You can use the completed one like `registry.reg-aws.openshift.com:443/openshift3/ose-egress-router`, so this bug should not be a blocker I think.

Comment 16 Seth Jennings 2018-06-07 13:39:51 UTC

*** Bug 1588435 has been marked as a duplicate of this bug. ***

Comment 17 Seth Jennings 2018-06-07 15:29:22 UTC

*** Bug 1588467 has been marked as a duplicate of this bug. ***

Comment 20 Seth Jennings 2018-06-07 20:47:38 UTC

Origin PR:
https://github.com/openshift/origin/pull/19938

Comment 23 Thom Carlin 2018-06-09 01:24:56 UTC

For my 3.7 > 3.9 upgrade, I was able to workaround *this* issue by running on each OCP node:

docker pull registry.access.redhat.com/openshift3/ose-pod:v3.9.30

Comment 24 Alfredo Pizarro 2018-06-09 20:21:33 UTC

I was trying a new Openshift 3.9.30 installation and hit this bug.

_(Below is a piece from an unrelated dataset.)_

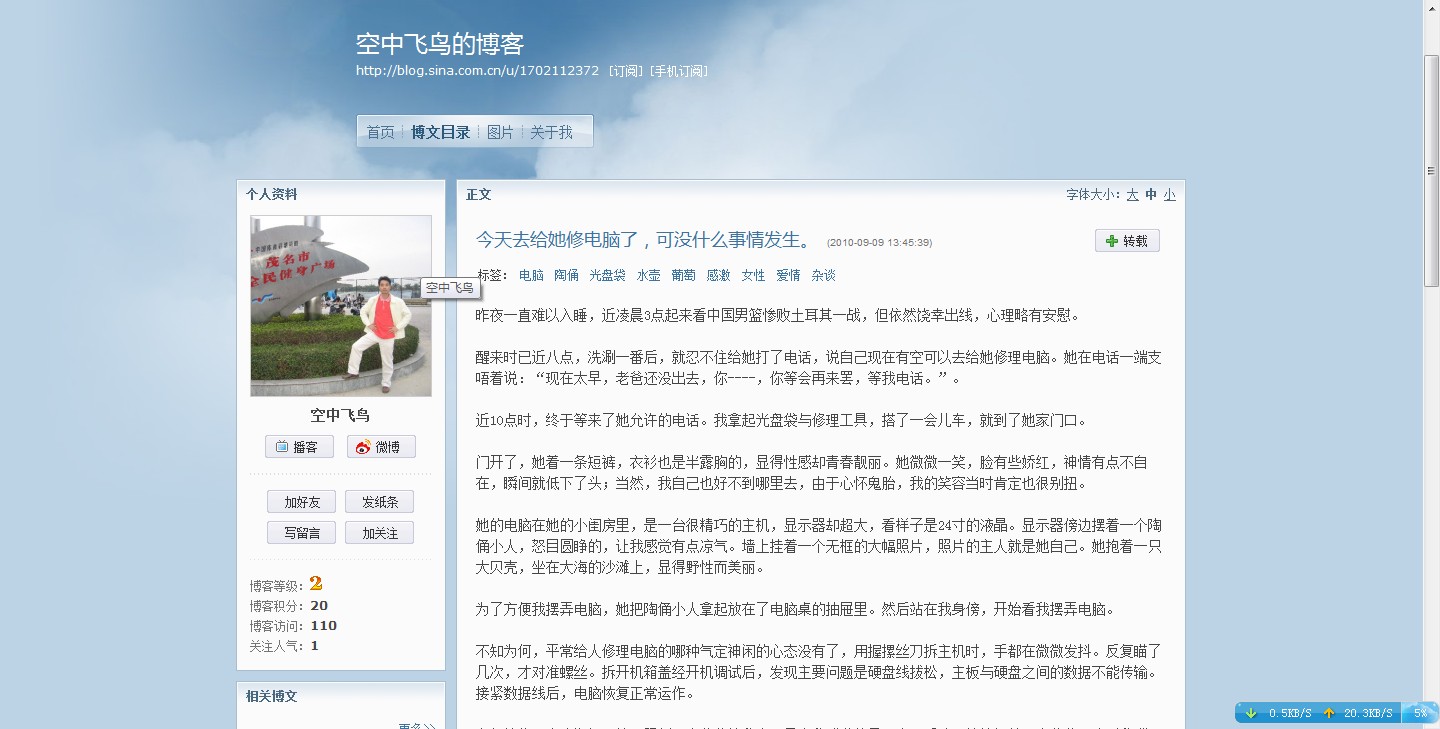 醒来时已近八点,洗涮一番后,就忍不住给她打了电话,说自己现在有空可以去给她修理电脑。她在电话一端支唔着说:“现在太早,老爸还没出去,你----,你等会再来罢,等我电话。”。

As a workarround, I set this values in the ansible inventory file:

oreg_url=registry.access.redhat.com/openshift3/ose-${component}:${version}
openshift_examples_modify_imagestreams=true

After this change, I could install properly.

Comment 25 Thom Carlin 2018-06-10 22:30:59 UTC

Alfredo: That was brilliant!  I was able to complete upgrading the control plane after adding your 2 values to /etc/ansible/hosts.  Thank you.

Comment 26 Hemant Kumar 2018-06-11 20:47:52 UTC

Do we need to update openshift docs to reflect this? I got stuck on same thing and going to retry with updated inventory file.

Comment 30 Mike Kinasz 2018-06-12 19:09:15 UTC

@Alfredo, you are a life saver.  Encountered the same issue on 3.9.30 advanced installation and adding the two lines to the inventory file looks like a solid workaround.  Thanks for posting!

Comment 32 DeShuai Ma 2018-06-13 14:51:29 UTC

Hi wjiang, Please verify the bug, thanks.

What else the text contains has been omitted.